ICE Resources Strained

Border Patrol arrested 92,600 migrants in March, most of them from Central America. About 53,000 of the migrants were traveling in family groups — significantly more than in any other month since 2013, when the government began tracking children traveling with parents.

KQED coverage of the border

Family units plus children traveling on their own now represent nearly 70 percent of all Border Patrol apprehensions.

On March 29, however, ICE announced it planned to temporarily suspend family detention at Karnes on April 1 and use the center to house single women instead, saying it needed more adult detention space. ICE officials also said that the influx of families at the border, and constraints on how long they can be detained, makes family detention unfeasible.

"The sheer volume of family units (FAMU) crossing the border has overwhelmed ICE's limited transportation resources; combined with a requirement to detain these individuals for no more than 20 days, the agency has no option but to expeditiously arrange for their release,” the agency said in a statement in March.

Immigrant advocates say they believe the change may be politically motivated.

“This is taking place at the same time that President Trump and his people are arguing that there's a national emergency at the border, that the Department of Homeland Security is ‘being overrun’ and they have ‘no bed space,’ and therefore they are forced to pursue a ‘catch and release policy,’” said attorney Peter Schey of the Center for Human Rights and Constitutional Law.

The center, a Los Angeles-based nonprofit, sued to enforce standards for the humane treatment of children in U.S. immigration custody.

That lawsuit was resolved with the 1997 Flores Settlement Agreement, which requires immigration officials to release children from custody “without unnecessary delay.” Children who remain in custody must be held in the least restrictive environment possible in a program licensed for child care. ICE family detention centers are not licensed facilities and a federal judge has ruled that children in ICE custody — even with their parents — should be released within 20 days or as soon as possible.


President Donald Trump has repeatedly criticized the Flores agreement, and at the border last week he called it, “a disaster for our country.”

However, the Flores plaintiffs’ legal team is quick to point out that the government has more flexibility than it claims. ICE may exceed the judge’s 20-day limit when there is a sudden influx of migrant children, as is currently the case.

The Center For Human Rights and Constitutional Law is sending a team of attorneys to Texas on Monday to monitor conditions at the family detention center in Dilley.

In an email seeking volunteer lawyers for the trip, Schey wrote: “With the Administration continuing to ignore multiple court orders to comply with the Settlement, our monitoring of detention sites and interviews with detained minors is more critical than ever.”

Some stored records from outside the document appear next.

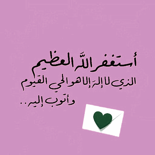 An animated message on a pink background, featuring Arabic calligraphy about seeking forgiveness from Allah and an envelope with a heart.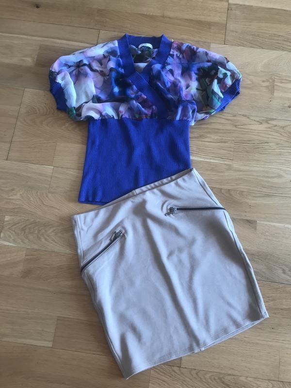 Міні спідничка, заміри на фото. Кишені обманки. Добре тягнеться тому підійде на різні розміри за бажанням. Нажаль бренду не пам’ятаю, бірки зрізала
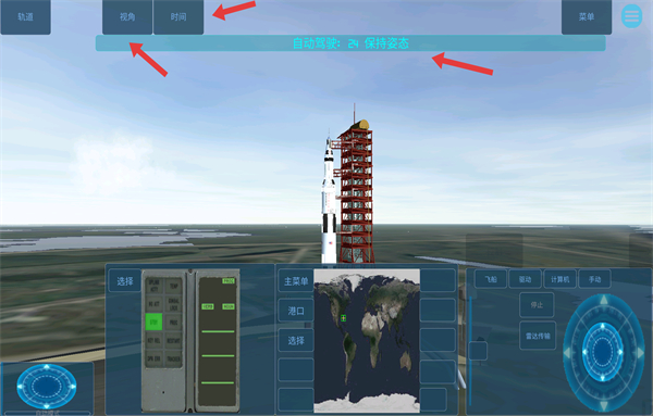 4、調整視角和時間設置開啟自動駕駛保持姿態,模擬火箭發射前的準備流程體驗航天模擬的真實感。

Schey said the center also plans to press the government on why it is emptying out family detention centers. The Flores settlement compels the government to reply.

“The complete inconsistency between what the Trump administration is saying and the facts on the ground is something we do intend to investigate,” he said told KQED. “It could be that this is all a grand ruse to basically try to fool the public” into believing that there is no way to detain migrant families.